Index(['CustomerID', 'Card Member', 'Age', 'Annual Income',
       'Spending Score (1-100)'],
      dtype='object')

Now that we know what data we have, we can start thinking about possible analysis. For example, data points for features like Age and Annual Income might appear in our end result as groupings or clusters. However, there are no data points for items purchased, so our algorithms cannot discover related patterns.

## What type of data is available?
Using the dtypes method, confirm the data type, which also will alert us if anything should be changed in the next step (e.g., converting text to numerical data). All the columns we plan to use in our model must contain a numerical data type:

In [3]:
# List dataframe data types
df_shopping.dtypes

CustomerID                  int64
Card Member                object
Age                       float64
Annual Income               int64
Spending Score (1-100)    float64
dtype: object

## What data is missing?
Next, let’s see if any data is missing. Unsupervised learning models can’t handle missing data.

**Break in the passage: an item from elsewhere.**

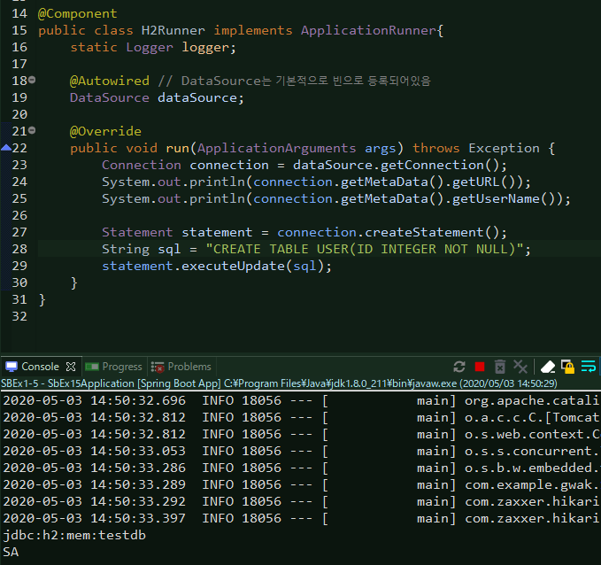 Spring-JDBC가 classpath 에 있으면 자동 설정이 필요한 빈을 설정 해줍니다.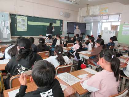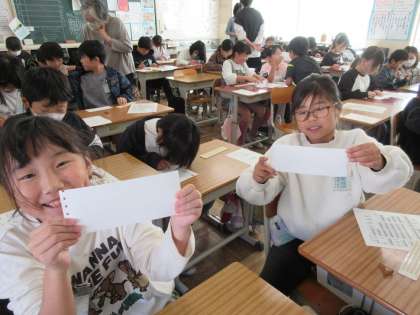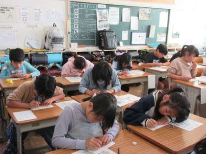 4年生は総合的な学習の時間の一環として、様々な福祉体験を行っています。今日は、点字体験です。指で点をさわって読むだけでなく、実際にどのように書くのかを体験しました。特別な道具を使って、決められた位置に針で点を刺していきます。初めはおそるおそるの子供たちでしたが、あっという間に慣れて、次々と点字を打っていました。「この道具はずれずに書けてすごい」「けっこう力がいるな」「見て!本当に点字ができた」と楽しそうに活動していました。点字を分かりやすく教えてくださった講師の先生方、ありがとうございました。

If you try to run a model on a dataset with missing data, you’ll get an error such as the one below:

ValueError: Input contains NaN, infinity or a value too large for dtype('float64').

If you initially had hoped to produce an outcome using a type of data, but it turned out more than 80% of those rows are empty, then the results won’t be very accurate!

For example, return to our Age and Income groups: If it turns out there are 1,200 rows without any Age data points, then we clearly can’t use that column in our model. There is no set cutoff for missing data—that decision is left up to you, the analyst, and must be made based on your understanding of the business needs.

__NOTE__
Handling missing data is a complex topic that is out of scope for this unit. However, if you’re interested, read this article (Links to an external site.) on the possible approaches to handling missing data.

Pandas has the isnull() method to check for missing values. We’ll loop through each column, check if there are null values, sum them up, and print out a readable total:

In [4]:
# Find null values
for column in df_shopping.columns:
    print(f"Column {column} has {df_shopping[column].isnull().sum()} null values")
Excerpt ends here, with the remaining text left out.